• Your goal: Drop all pictures and repeat exactly the lines from the line holding "中午,高原的陽(yáng)光" through the end of the records.

• Records from a collection:
________________________
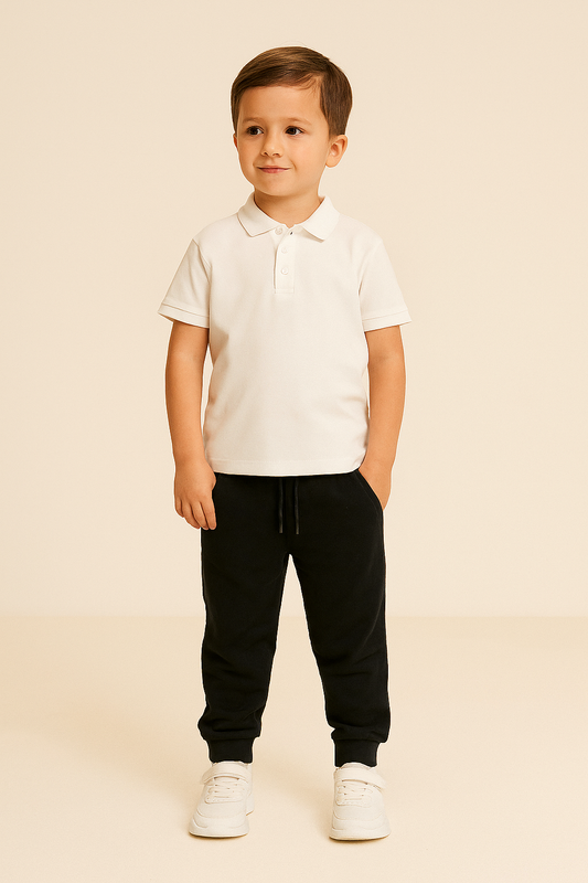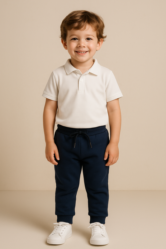 Boys Warm Cotton Fleece Set - White Long Sleeve Top & Navy Joggers
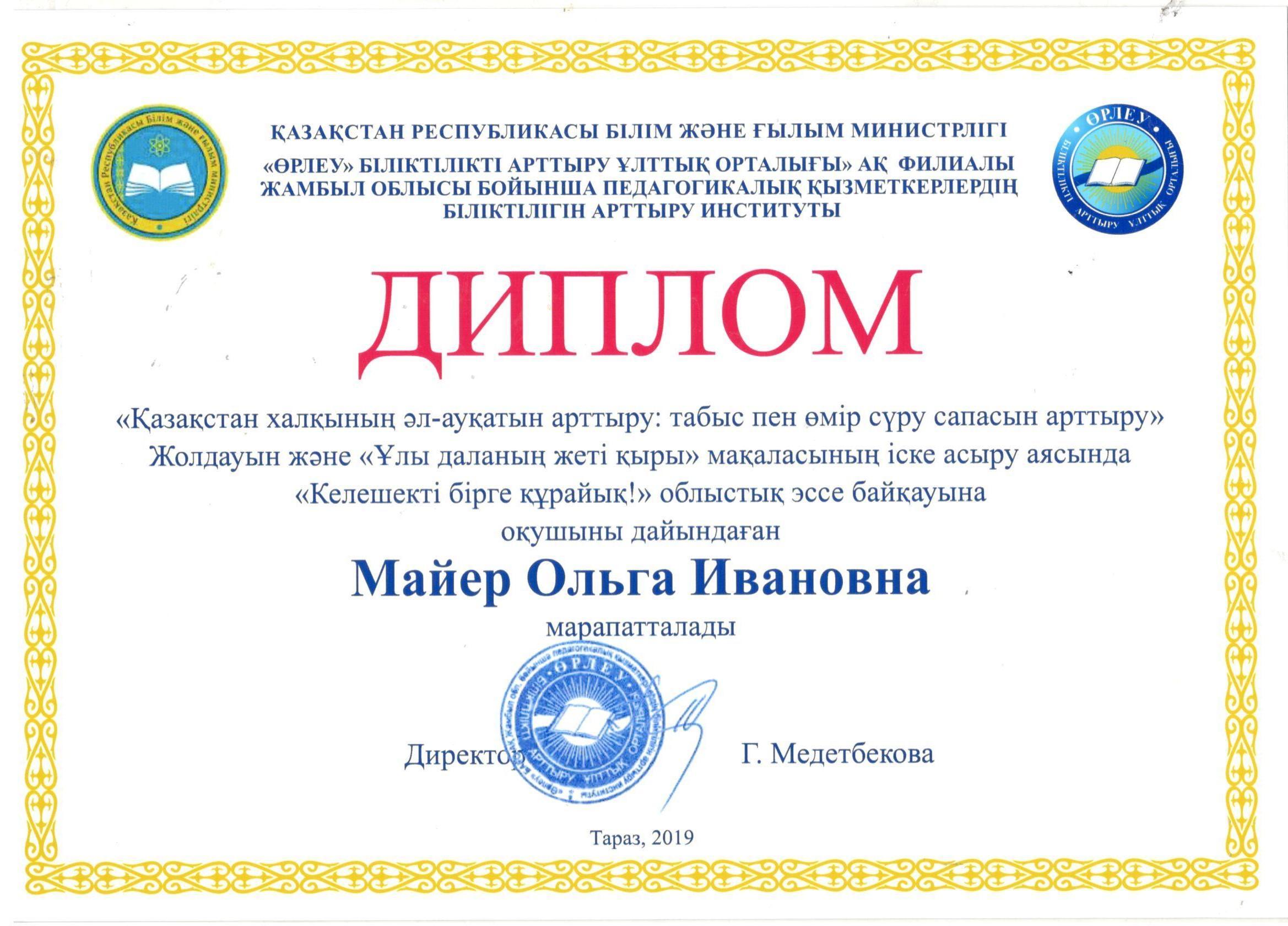 Диплом Майер Ольги Ивановны » СШ №2
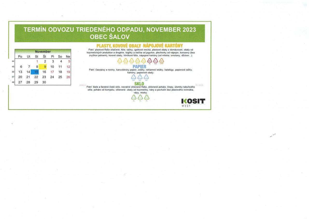 Termín odvozu triedeného odpadu november 2023 - Vállogatott hulladék elszállítása november 2023
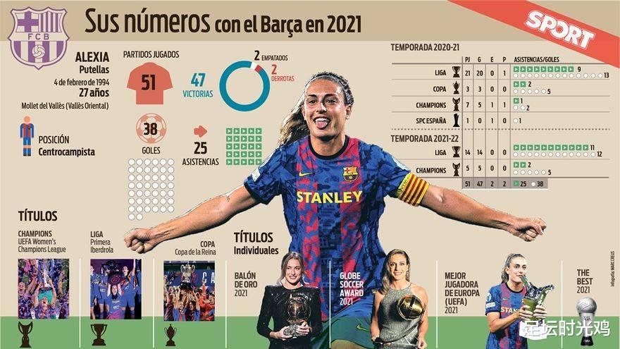 自去年11月份赢得金球奖之后,巴萨女足队长阿莱克西娅-普特利亚斯再一次地登上了欧洲各大体育报纸的头版头条,1月17日晚上7点钟在苏黎世国际足联总部举行的FIFA年度颁奖典礼上,阿莱克西娅毫无悬念当选了FIFA年度球员(女),她在球场上的领导力以及个人能力都伴随着去年完美的数据,让她登上了世界足坛的巅峰。
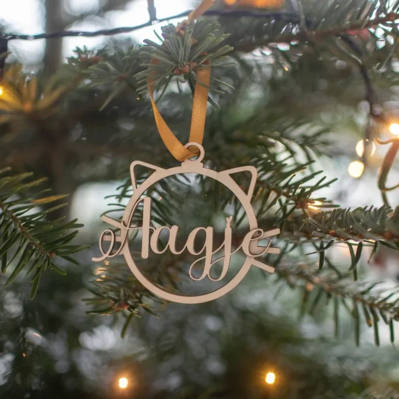 Ho Ho Ho! Een gepersonaliseerde kerstbal van hout speciaal voor jou kat. De houten kerstbal wordt gepersonaliseerd met een naam die als 2e laag op de kerstbal zit. Ook heel erg leuk om als persoonlijk kado te geven. De positie en hoeveel de naam uitsteekt aan de buitenzijdes is afhankelijk van de lengte van de naam, elke kerstster wordt met liefde en met de hand gemaakt.
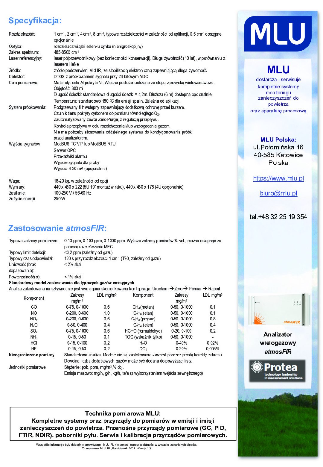 atmosFIR jest najnowszej generacji analizatorem gazów produkowanym przez firmę Protea. Przyrząd ten jest jednym z najbardziej elastycznych produktów analitycznych na rynku. Zawiera solidny i sprawdzony spektrofotometr FTIR o wysokiej rozdzielczości, który zapewnia olbrzymią przepustowość sygnału, niski poziom szumu i dużą dokładność pomiarową.
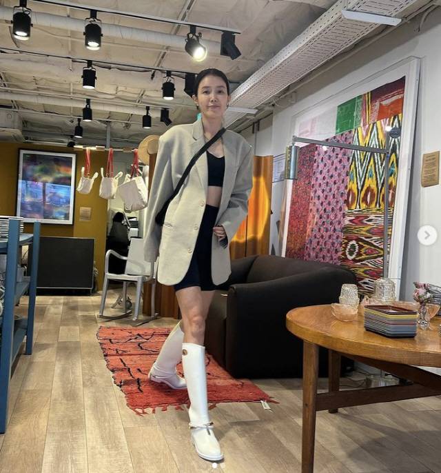 비가 오는 날씨에 무릎까지 올라오는 긴 레인부츠를 신은 채정안은 탱크톱에 팬츠, 자켓으로 힙한 스타일을 완성했다.
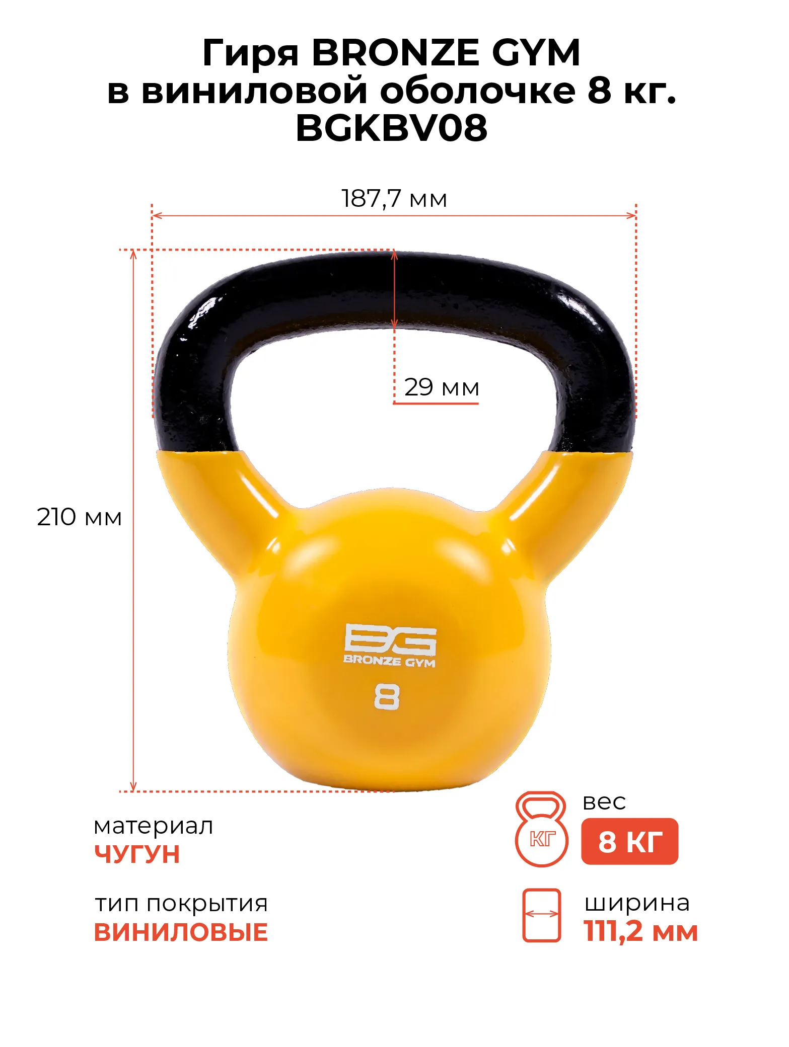 Гиря BRONZE GYM в виниловой оболочке 8 кг Гири
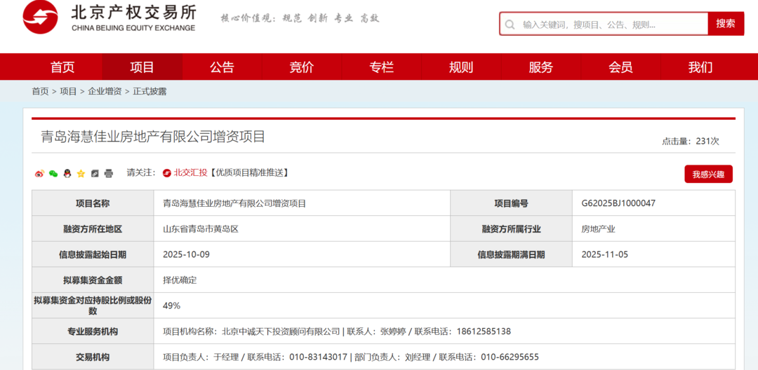 近日,青岛海慧佳业房地产有限公司(下称“青岛海慧佳业”)增资项目在北京产权交易所挂牌,青岛海慧佳业的大股东为济南中海地产投资有限公司(下称“济南中海地产”),持股比例为100%。增资完成后,融资方原股东持股51%,投资方持股49%。
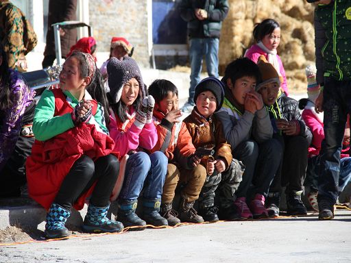 中午,高原的陽(yáng)光暖洋洋的,有了空閑時(shí)間的村民們都來(lái)到活動(dòng)中心,一邊曬太陽(yáng),一邊觀看孩子們的表演。
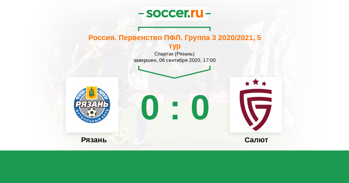 Россия. Вторая лига. Группа 3 06.09.2019 Салют Логотип футбольный клуб Салют (Белгород) 0:1 Логотип футбольный клуб Рязань Рязань
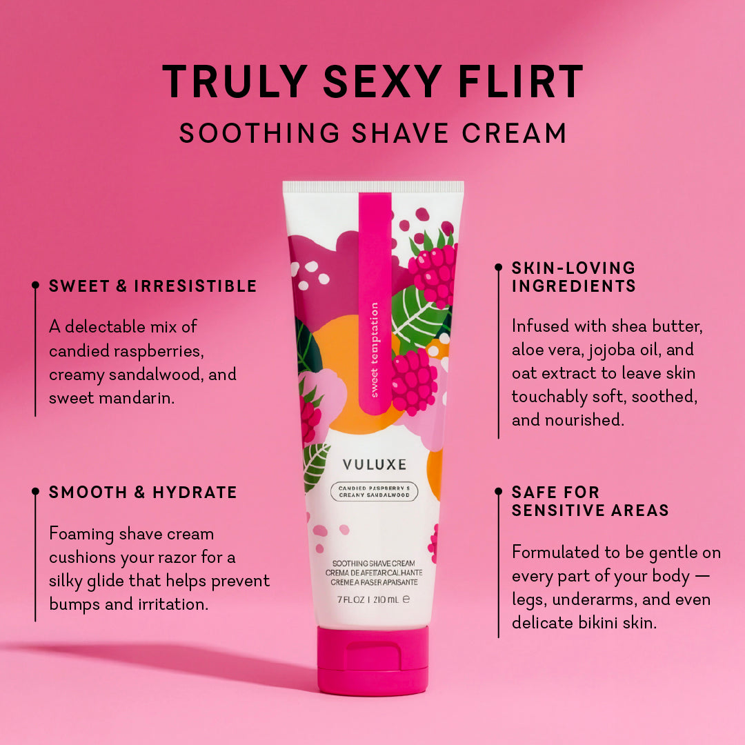 Ready for the best shave ever? Vuluxe Soothing Shave Cream is the shower essential you didn’t know you needed. This foaming formula helps prevent razor bumps and irritation with a powerful combination of ultra-hydrating and anti-inflammatory ingredients like shea butter, jojoba oil, aloe vera, and oat extract.
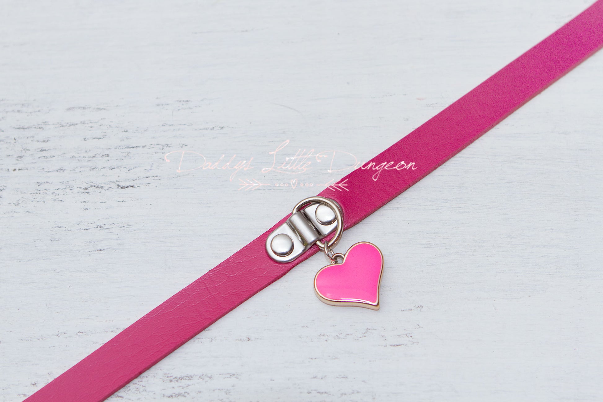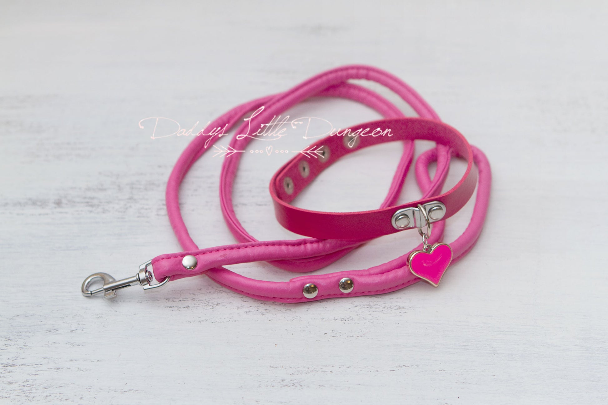 Hot Pink Heart Charm Bondage Collar & Leash Set
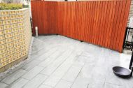 緑豊かな川辺に佇む邸宅。カフェのようなウッド調の外壁が目を引く1棟。
________________________
• Response:
 中午,高原的陽(yáng)光暖洋洋的,有了空閑時(shí)間的村民們都來(lái)到活動(dòng)中心,一邊曬太陽(yáng),一邊觀看孩子們的表演。
 Россия. Вторая лига. Группа 3 06.09.2019 Салют Логотип футбольный клуб Салют (Белгород) 0:1 Логотип футбольный клуб Рязань Рязань
 Ready for the best shave ever? Vuluxe Soothing Shave Cream is the shower essential you didn’t know you needed. This foaming formula helps prevent razor bumps and irritation with a powerful combination of ultra-hydrating and anti-inflammatory ingredients like shea butter, jojoba oil, aloe vera, and oat extract.
 Hot Pink Heart Charm Bondage Collar & Leash Set
 緑豊かな川辺に佇む邸宅。カフェのようなウッド調の外壁が目を引く1棟。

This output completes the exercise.